◆ **WORK INSTRUCTION**: Every entry below should be restated word for word, except for its images.
------
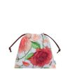 bolsa em lona com estampa de rosas. com um top de cordão e puxões de couro de bezerro.
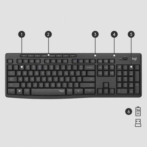 O teclado apresenta um layout QWERTY internacional (US), adequado para utilizadores que necessitam de um teclado com caracteres específicos. O teclado tem um formato completo (100%), incluindo um teclado numérico, para maior comodidade. A tecnologia sem fios de 2,4 GHz garante uma conexão estável e confiável, com um alcance de até 10 metros. O teclado é alimentado por duas pilhas AAA, com uma autonomia de até 36 meses.
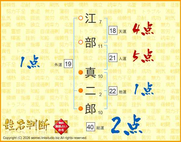 江(7画)部(11画) 真(10画)二(2画)郎(10画)
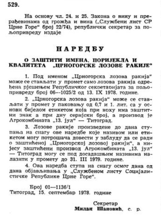 Naredba o zaštiti imena, porijekla i kvaliteta „Crnogorske lozove rakije”, 1978.
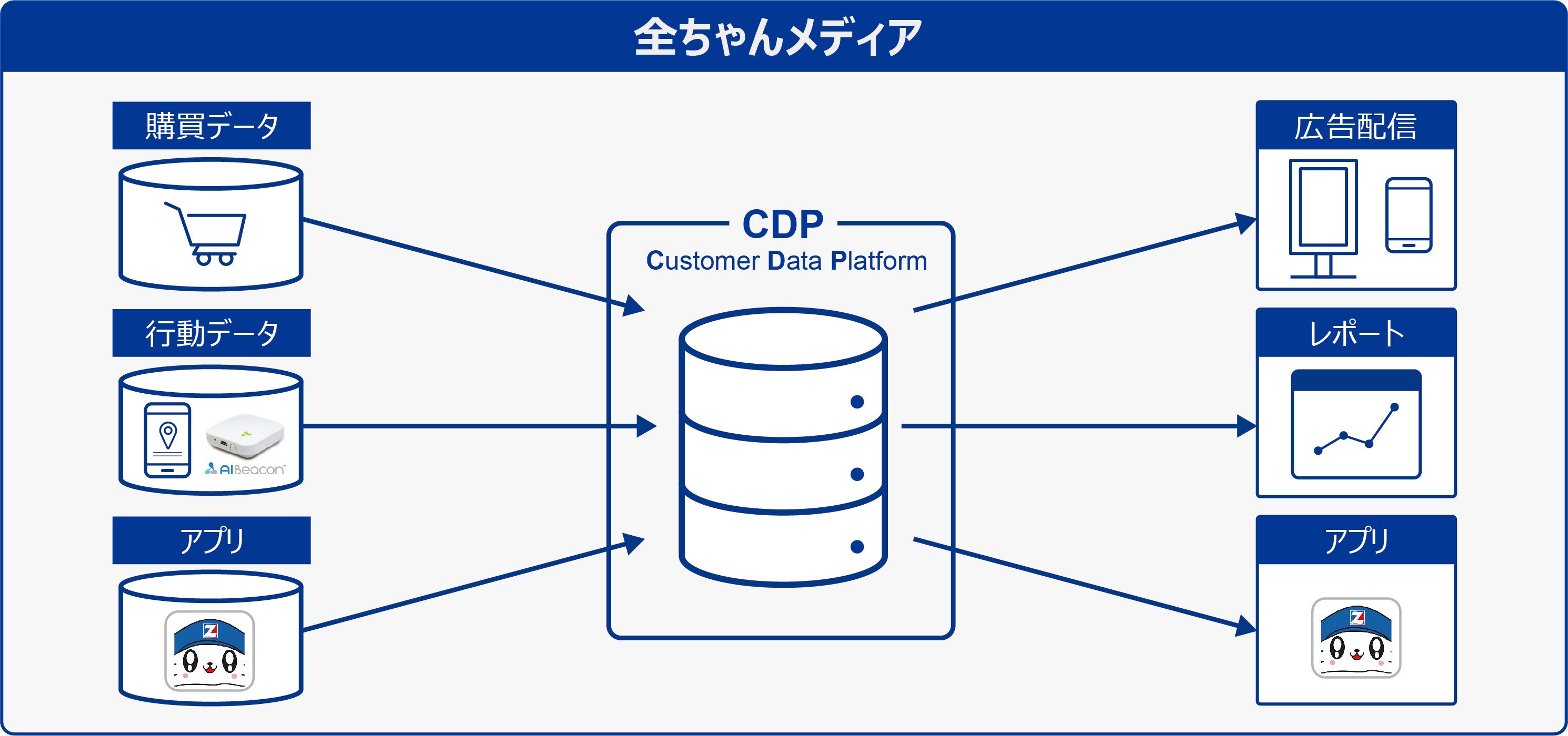 全ちゃんメディアは、お客さまの購買データなどを全日食独自のCDP(※3)に蓄積し、分析・可視化を行い、デジタル広告と連携することで、消費者行動に合わせた最適な広告の実施が可能となり、消費者により良い購買体験を提供します。
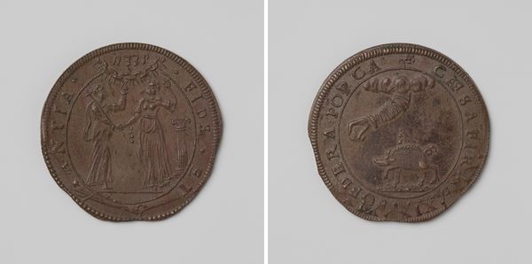 Curator: What an intriguing artifact! This is a representation of "The Act of Abjuration," a pivotal moment when the Dutch Republic declared its independence from Philip II of Spain. It's dated around 1583. Editor: It feels...heavy. Visually, of course, but there's something oppressive about that central image. Like history compressed into a dense, symbolic disc. Is it meant to be bronze? Curator: Quite possibly. Bronze or copper. The medal or coin-like format was very common for disseminating political messages at the time. See how the image depicts the severing of ties. On the left, we have a figure representing the Dutch provinces, while on the right is a female personification of Liberty or the Republic, standing triumphant over the lion, which, in this context, can be viewed as Spanish power. Editor: So, a divorce visualized. The figures are rather stiff, but that gesture of severing – almost handing off the power, if you will – is striking. But who's actually designed this propaganda tool? Is it pure imagination, or is it based on other illustrations of the day? Curator: It is the work of Gerard van Bylaer. While its source inspiration isn't explicitly documented, Bylaer may have relied on a blend of imagination and contemporary depictions. His aim, of course, would be to project a powerful vision of the newly independent Dutch Republic. Consider, this object exists within a historical landscape saturated with political and religious strife, it has a powerful statement for popular consuption. Editor: I can’t help but see echoes of more ancient motifs here too. This "handing over" has precedents in other medals, say ones showcasing imperial triumph, which makes the message quite subtle; it reclaims old symbolism for a novel purpose. Curator: Absolutely! That's the fascinating dance of history – reusing symbols, repurposing narratives. This object acts as a fascinating intersection. Its creation clearly indicates how images have been actively deployed to influence and shape perception, as instruments for political legitimization. Editor: This gives me the sense of weight and resolve, a visual embodiment of a people willing themselves into existence. It's quite moving when you think of it in those terms, and quite unsettling how relevant this all still seems. Curator: Indeed. Gazing at this representation reminds me that revolutions don't only unfold on the battlefield or in courtrooms, but also in the collective imagination, fueled by symbols like these, that become the cultural touchstones of self-determination.
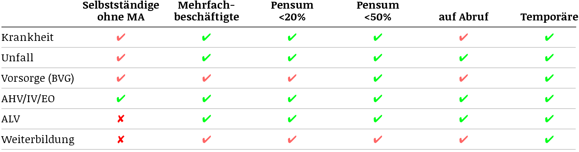 Für Selbstständigerwerbende sind bestimmte Versicherungen nicht obligatorisch (Vorsorge/BVG), nicht abschliessbar (Arbeitslosenversicherung) oder kaum zu finanzieren (Krankentaggeldversicherung). Für Mehrfachbeschäftigte besteht aufgrund der BVG-Eintrittsschwelle von 21'510 Franken und des Koordinationsabzugs die Gefahr grosser Lücken in der beruflichen Vorsorge (Pensionskasse). Diese sichert im Alter den Lebensstandard sowie Risiken wie Tod und Invalidität ab. Etwas, womit auch Personen in tiefen Arbeitspensen und Arbeitende auf Abruf konfrontiert sind. Letztere sind zudem oftmals nicht gegen Krankheit versichert.
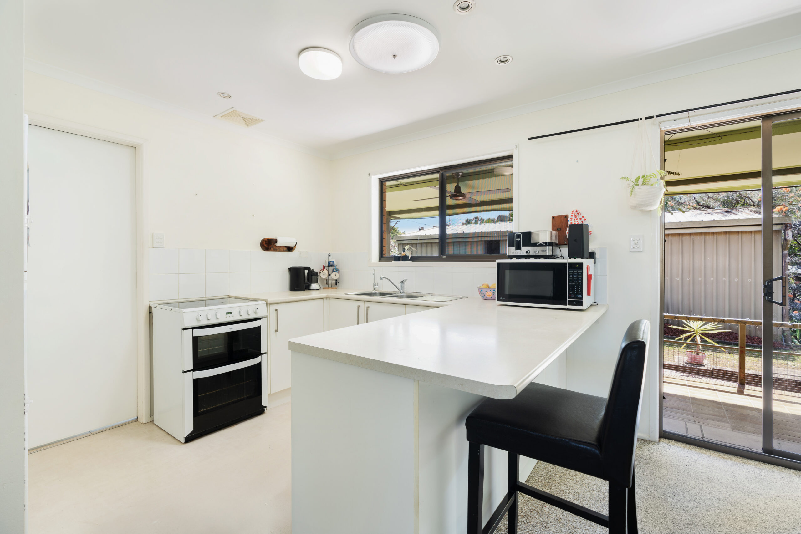 • Functional kitchen with white laminate breakfast bar
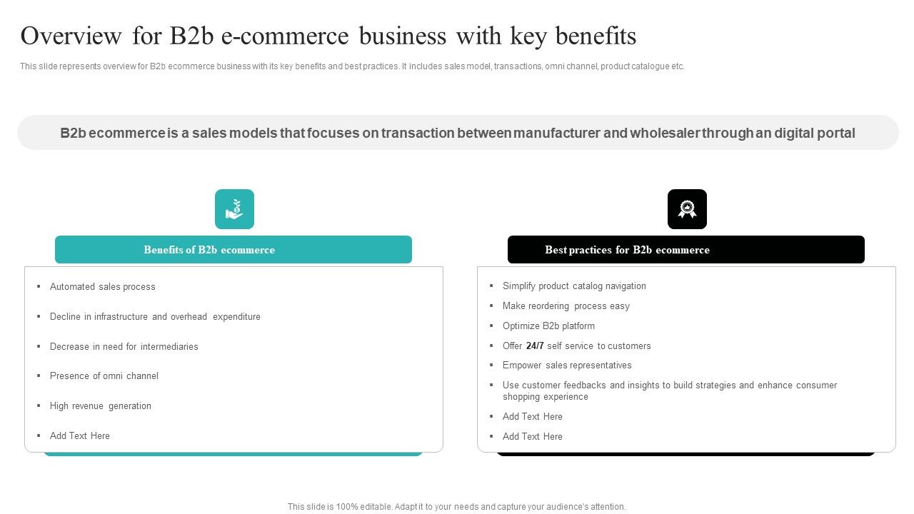 Strategic Ecommerce Plan For B2B Enterprises Overview For B2b E Commerce Business With Key Benefits Themes PDF with all 9 slides:
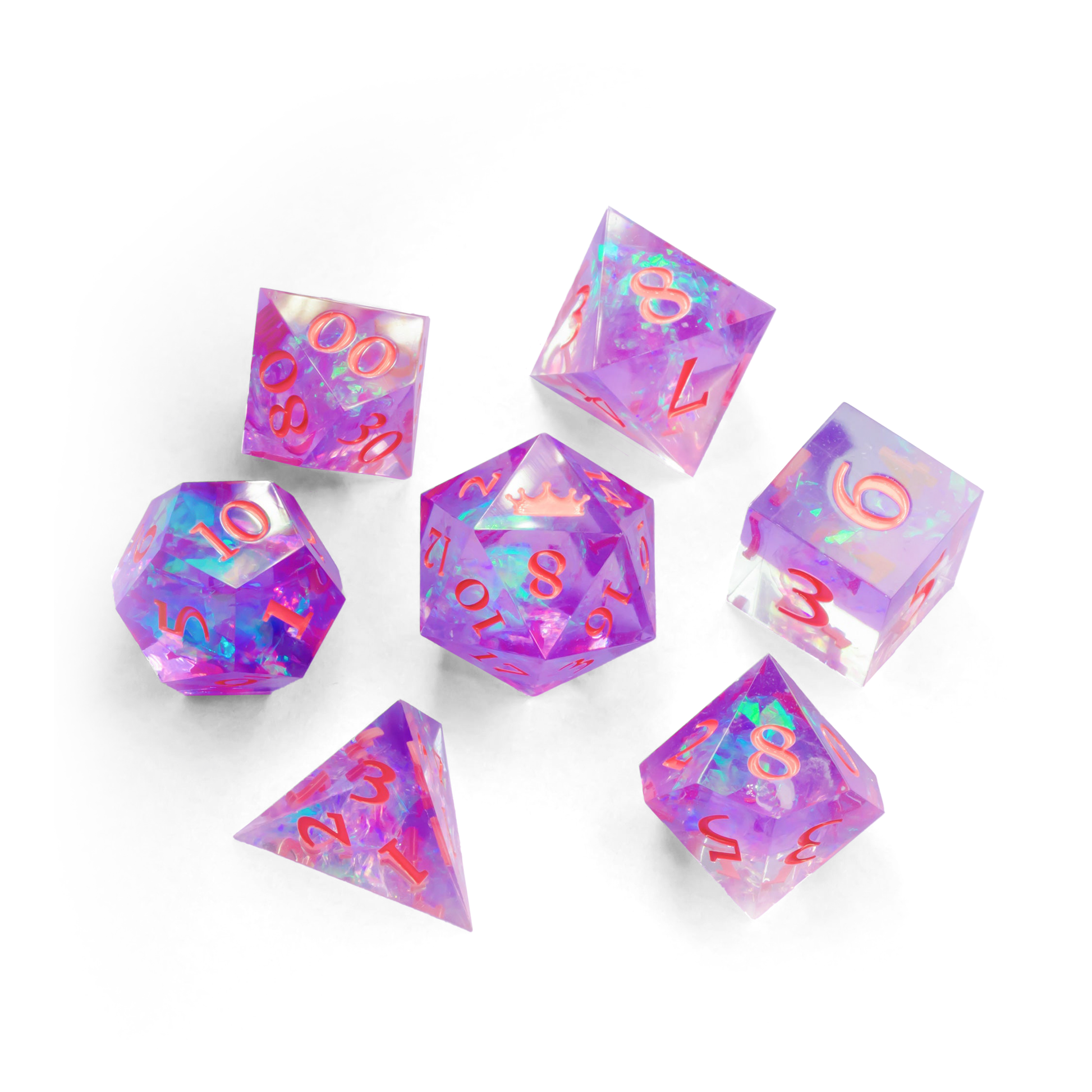 Set of seven hand polished resin dice. Each set includes a D4, D6, D8, D10, D%, D12, and a D20. Due to the nature of the material, each set of dice will differ slightly from one another.
------
◆ **TASK RESULT**:
 bolsa em lona com estampa de rosas. com um top de cordão e puxões de couro de bezerro.
 O teclado apresenta um layout QWERTY internacional (US), adequado para utilizadores que necessitam de um teclado com caracteres específicos. O teclado tem um formato completo (100%), incluindo um teclado numérico, para maior comodidade. A tecnologia sem fios de 2,4 GHz garante uma conexão estável e confiável, com um alcance de até 10 metros. O teclado é alimentado por duas pilhas AAA, com uma autonomia de até 36 meses.
 江(7画)部(11画) 真(10画)二(2画)郎(10画)
 Naredba o zaštiti imena, porijekla i kvaliteta „Crnogorske lozove rakije”, 1978.
 全ちゃんメディアは、お客さまの購買データなどを全日食独自のCDP(※3)に蓄積し、分析・可視化を行い、デジタル広告と連携することで、消費者行動に合わせた最適な広告の実施が可能となり、消費者により良い購買体験を提供します。
 Curator: What an intriguing artifact! This is a representation of "The Act of Abjuration," a pivotal moment when the Dutch Republic declared its independence from Philip II of Spain. It's dated around 1583. Editor: It feels...heavy. Visually, of course, but there's something oppressive about that central image. Like history compressed into a dense, symbolic disc. Is it meant to be bronze? Curator: Quite possibly. Bronze or copper. The medal or coin-like format was very common for disseminating political messages at the time. See how the image depicts the severing of ties. On the left, we have a figure representing the Dutch provinces, while on the right is a female personification of Liberty or the Republic, standing triumphant over the lion, which, in this context, can be viewed as Spanish power. Editor: So, a divorce visualized. The figures are rather stiff, but that gesture of severing – almost handing off the power, if you will – is striking. But who's actually designed this propaganda tool? Is it pure imagination, or is it based on other illustrations of the day? Curator: It is the work of Gerard van Bylaer. While its source inspiration isn't explicitly documented, Bylaer may have relied on a blend of imagination and contemporary depictions. His aim, of course, would be to project a powerful vision of the newly independent Dutch Republic. Consider, this object exists within a historical landscape saturated with political and religious strife, it has a powerful statement for popular consuption. Editor: I can’t help but see echoes of more ancient motifs here too. This "handing over" has precedents in other medals, say ones showcasing imperial triumph, which makes the message quite subtle; it reclaims old symbolism for a novel purpose. Curator: Absolutely! That's the fascinating dance of history – reusing symbols, repurposing narratives. This object acts as a fascinating intersection. Its creation clearly indicates how images have been actively deployed to influence and shape perception, as instruments for political legitimization. Editor: This gives me the sense of weight and resolve, a visual embodiment of a people willing themselves into existence. It's quite moving when you think of it in those terms, and quite unsettling how relevant this all still seems. Curator: Indeed. Gazing at this representation reminds me that revolutions don't only unfold on the battlefield or in courtrooms, but also in the collective imagination, fueled by symbols like these, that become the cultural touchstones of self-determination.
 Für Selbstständigerwerbende sind bestimmte Versicherungen nicht obligatorisch (Vorsorge/BVG), nicht abschliessbar (Arbeitslosenversicherung) oder kaum zu finanzieren (Krankentaggeldversicherung). Für Mehrfachbeschäftigte besteht aufgrund der BVG-Eintrittsschwelle von 21'510 Franken und des Koordinationsabzugs die Gefahr grosser Lücken in der beruflichen Vorsorge (Pensionskasse). Diese sichert im Alter den Lebensstandard sowie Risiken wie Tod und Invalidität ab. Etwas, womit auch Personen in tiefen Arbeitspensen und Arbeitende auf Abruf konfrontiert sind. Letztere sind zudem oftmals nicht gegen Krankheit versichert.
 • Functional kitchen with white laminate breakfast bar
 Strategic Ecommerce Plan For B2B Enterprises Overview For B2b E Commerce Business With Key Benefits Themes PDF with all 9 slides:
 Set of seven hand polished resin dice. Each set includes a D4, D6, D8, D10, D%, D12, and a D20. Due to the nature of the material, each set of dice will differ slightly from one another.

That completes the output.